--- Directions for this task ---
Only the stretch below from the line holding "Kernel Gaming Guild" through the line holding "UTA's (University of" should be restated, word for word and with both ends included; pictures stay out.

(Extracted records)
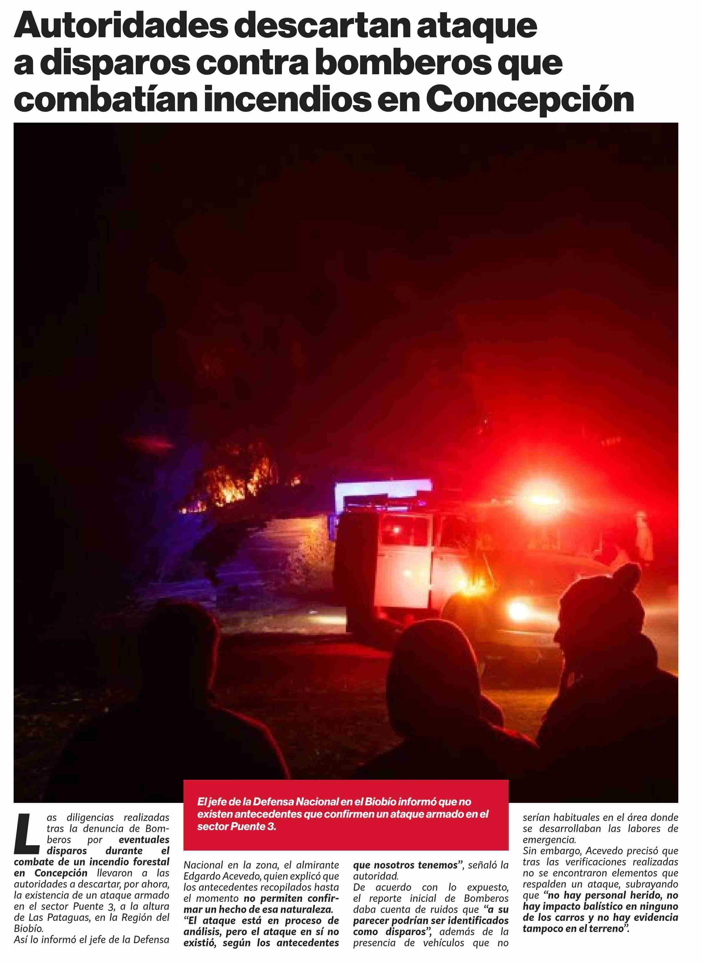 | Título: | Autoridades descartan ataque a disparos contra bomberos que combatían incendios en Concepción |
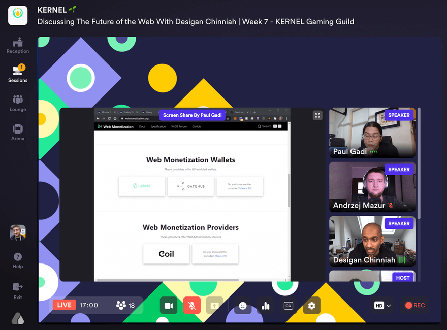 Kernel Gaming Guild had run since January, through February, and ended up with the last module at the beginning of March - I wrote a short summary about all the sessions we had. And yes, I mainly talked about HTML5 games and Web Monetization.
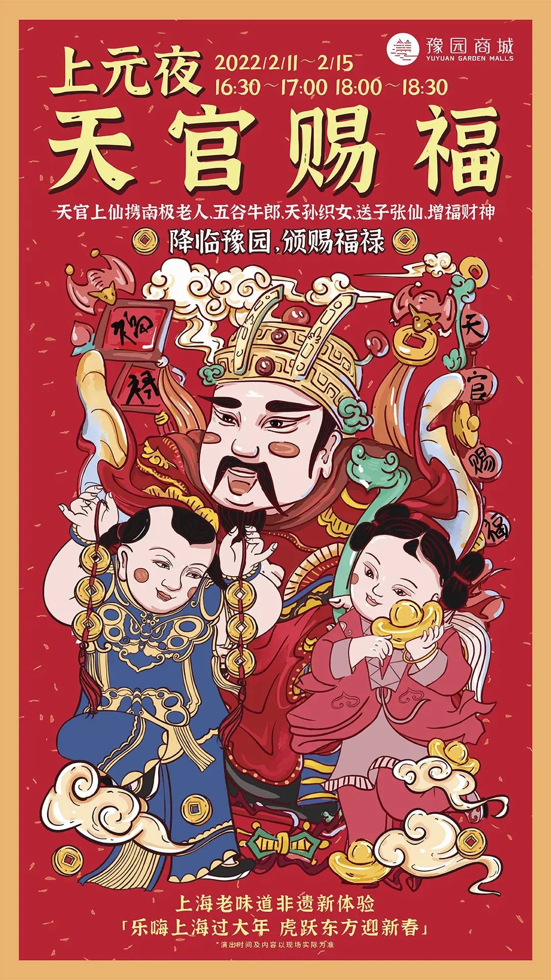 元宵节是天官赐福的正日子,也是中国人新春特有的浪漫狂欢。“天官”携五仙要在豫园为市民游客们送上浓浓中国味的吉祥祝福。
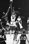 UTA's (University of Texas at Arlington) Ike Mitchell (25) and Arkansas State's Reggie Gordon chase a loose ball during the game. Published in Fort Worth Star-Telegram evening edition February 24, 1984.
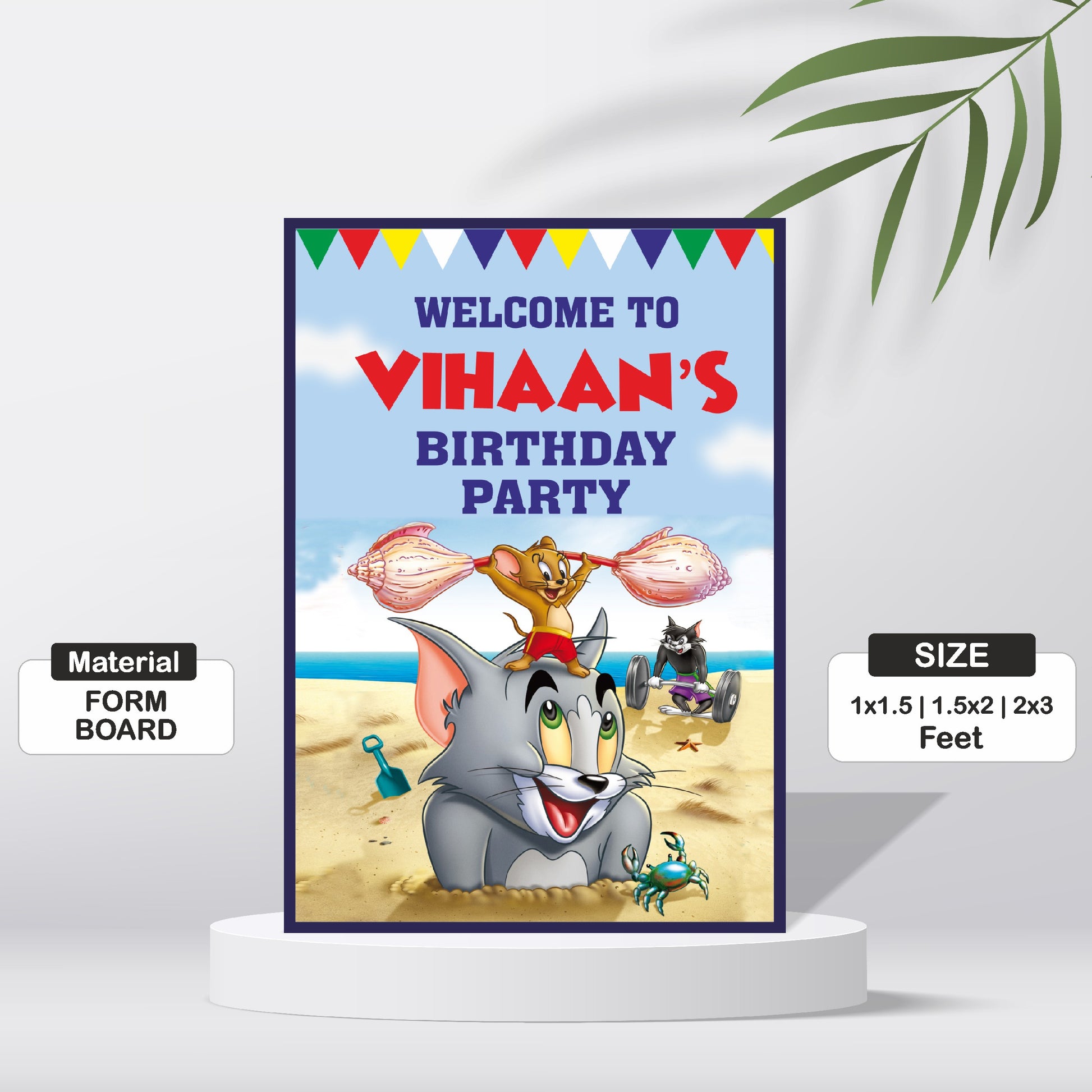Welcome, Cartoon Fans! This personalized Tom & Jerry welcome board features a fun, hilarious scene of the iconic duo in mid-chase. You can customize it with your child's name and age, making it the official entry point to an epic day of cartoon chaos and laughs!
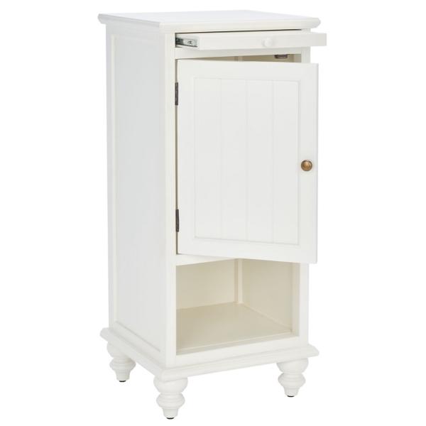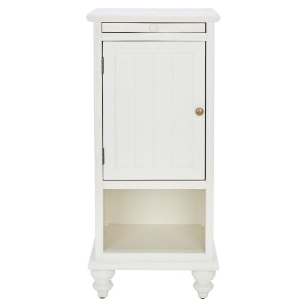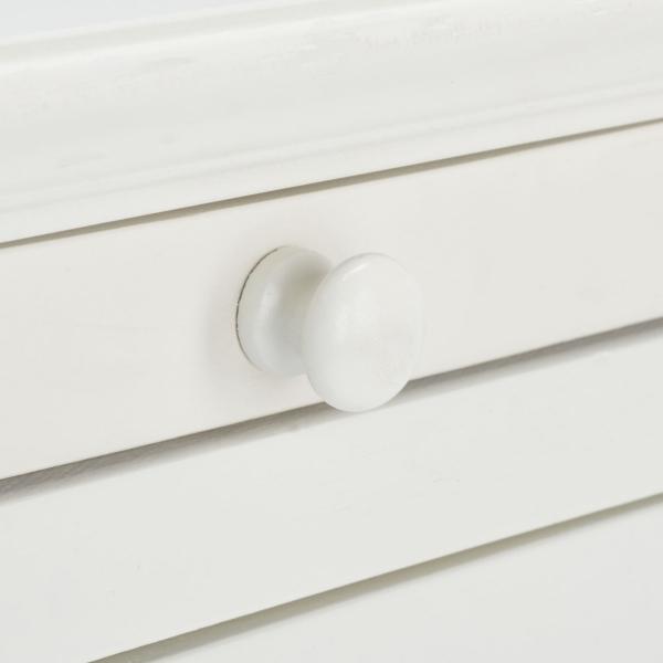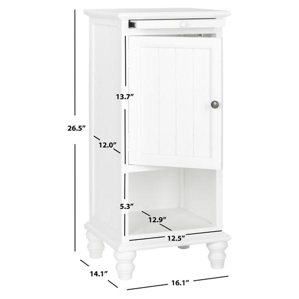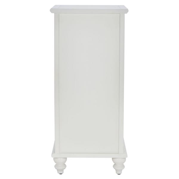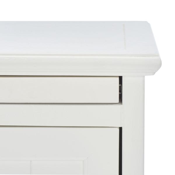 The White Wood Bead Board Daya End Table evokes Early American style with its bead board-inspired cabinet door, pullout shelf, and turned bun feet. Constructed of white poplar wood, its roomy cabinet and lower storage space makes organization a breeze! End table measures 16.1W x 14.2D x 36H in. Crafted of wood White finish Features one (1) pull-out tray, one (1) cabinet, and one (1) open lower shelf Bead board design Cabinet measures 12.5W x 12D x 13.7H in. Open shelf measures 12.5W x 12.9D x 5.3H in. Weight: 17.6 lbs. Weight capacity: 45 lbs. assembly required Not intended for commercial use Care: Wipe with a soft, dry cloth. This item is available at Kirklands.com only, not available in stores. Please note: this item cannot be shipped to APO/FPO addresses.
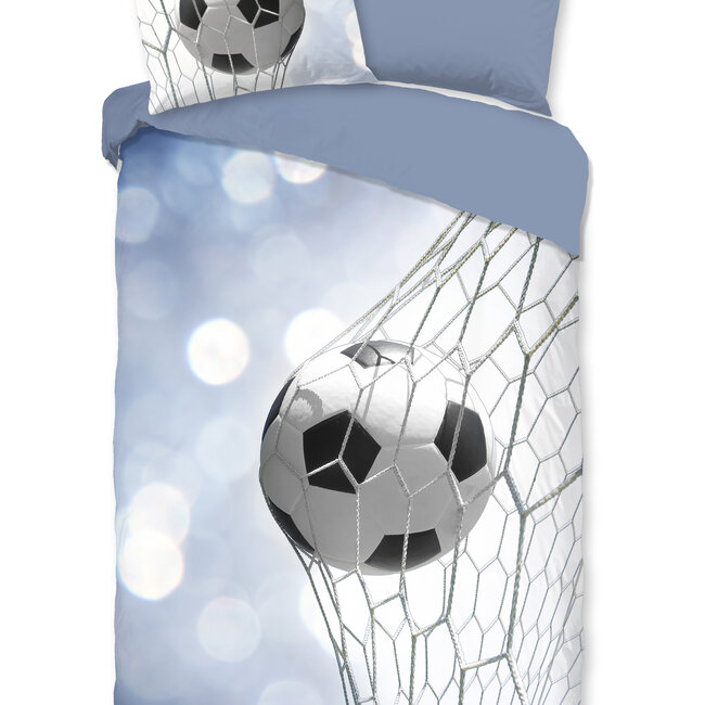 Geef je slaapkamer een sportieve uitstraling met dit opvallende dekbedovertrek met voetbalthema. Het dynamische ontwerp toont een voetbal die precies in het net belandt, perfect voor echte voetbalfans. Dankzij het realistische beeld lijkt het alsof je midden in een spannende wedstrijd zit. De bovenkant in effen blauw zorgt voor een rustige balans met het energieke dessin. Dit dekbedovertrek is een echte blikvanger voor iedere sportieve kamer.

--- Exercise answer ---
 Kernel Gaming Guild had run since January, through February, and ended up with the last module at the beginning of March - I wrote a short summary about all the sessions we had. And yes, I mainly talked about HTML5 games and Web Monetization.
 元宵节是天官赐福的正日子,也是中国人新春特有的浪漫狂欢。“天官”携五仙要在豫园为市民游客们送上浓浓中国味的吉祥祝福。
 UTA's (University of Texas at Arlington) Ike Mitchell (25) and Arkansas State's Reggie Gordon chase a loose ball during the game. Published in Fort Worth Star-Telegram evening edition February 24, 1984.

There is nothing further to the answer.